Work instruction – Below are some entries. Transcribe the lines from the one holding "随着黄金辉宣布升旗仪式正式开" to the one holding "Die Versys war", inclusive, but not the pictures among them.

Task input –
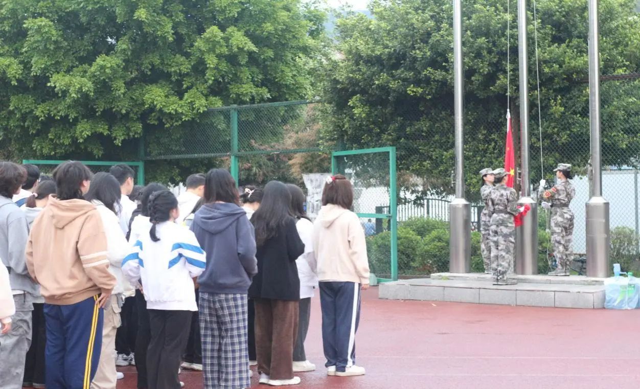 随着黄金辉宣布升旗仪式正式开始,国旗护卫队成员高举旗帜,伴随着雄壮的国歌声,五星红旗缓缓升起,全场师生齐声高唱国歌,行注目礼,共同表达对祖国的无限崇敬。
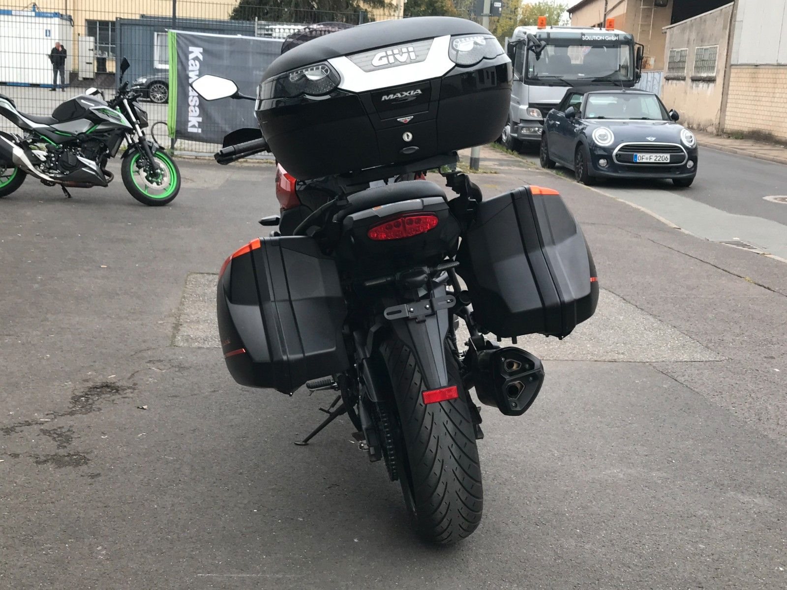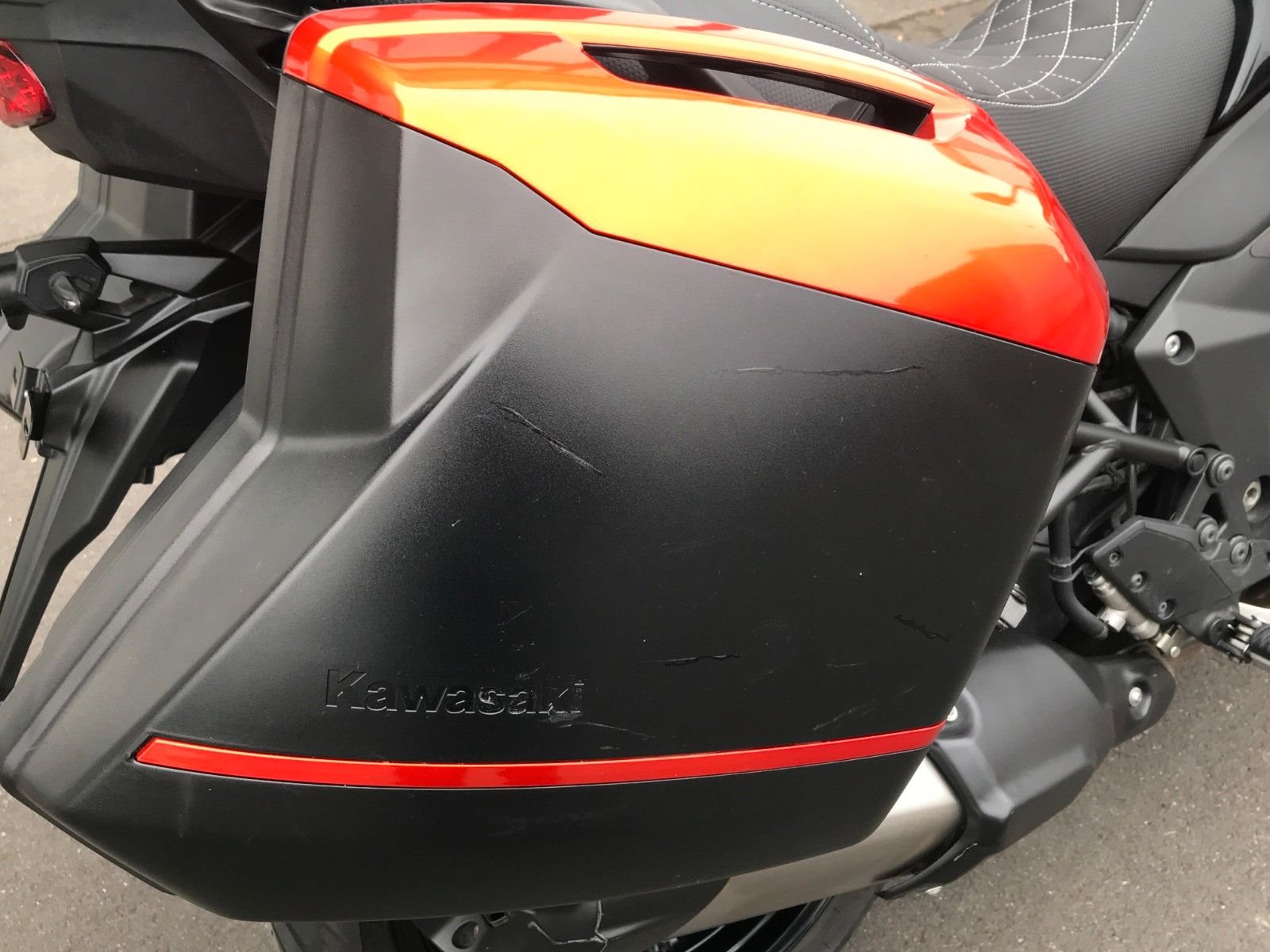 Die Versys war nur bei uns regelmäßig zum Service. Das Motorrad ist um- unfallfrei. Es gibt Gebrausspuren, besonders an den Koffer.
* * *
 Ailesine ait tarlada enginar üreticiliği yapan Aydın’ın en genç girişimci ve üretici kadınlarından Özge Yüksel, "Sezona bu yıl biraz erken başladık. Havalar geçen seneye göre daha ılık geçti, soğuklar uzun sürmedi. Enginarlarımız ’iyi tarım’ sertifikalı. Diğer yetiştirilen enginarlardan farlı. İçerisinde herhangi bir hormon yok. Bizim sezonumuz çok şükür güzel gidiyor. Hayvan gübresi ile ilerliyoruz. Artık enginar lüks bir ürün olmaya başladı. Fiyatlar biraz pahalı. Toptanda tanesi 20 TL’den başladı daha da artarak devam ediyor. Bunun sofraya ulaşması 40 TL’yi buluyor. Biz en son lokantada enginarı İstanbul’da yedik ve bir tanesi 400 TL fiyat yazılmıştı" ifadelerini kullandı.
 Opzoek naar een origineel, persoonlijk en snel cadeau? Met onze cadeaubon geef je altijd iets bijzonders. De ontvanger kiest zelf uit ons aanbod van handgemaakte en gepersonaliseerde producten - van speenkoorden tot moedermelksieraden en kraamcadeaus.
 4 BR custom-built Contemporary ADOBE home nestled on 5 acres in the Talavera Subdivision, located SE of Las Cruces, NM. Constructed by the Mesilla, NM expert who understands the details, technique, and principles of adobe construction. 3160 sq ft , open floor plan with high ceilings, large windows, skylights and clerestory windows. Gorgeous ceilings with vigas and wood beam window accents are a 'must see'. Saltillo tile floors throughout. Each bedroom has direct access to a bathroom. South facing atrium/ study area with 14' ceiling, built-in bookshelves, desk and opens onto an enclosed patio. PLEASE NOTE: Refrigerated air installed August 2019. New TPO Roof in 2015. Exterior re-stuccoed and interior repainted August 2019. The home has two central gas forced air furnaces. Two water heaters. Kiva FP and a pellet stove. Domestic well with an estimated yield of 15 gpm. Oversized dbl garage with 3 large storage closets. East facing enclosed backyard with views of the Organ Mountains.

Response area –
 随着黄金辉宣布升旗仪式正式开始,国旗护卫队成员高举旗帜,伴随着雄壮的国歌声,五星红旗缓缓升起,全场师生齐声高唱国歌,行注目礼,共同表达对祖国的无限崇敬。
 Die Versys war nur bei uns regelmäßig zum Service. Das Motorrad ist um- unfallfrei. Es gibt Gebrausspuren, besonders an den Koffer.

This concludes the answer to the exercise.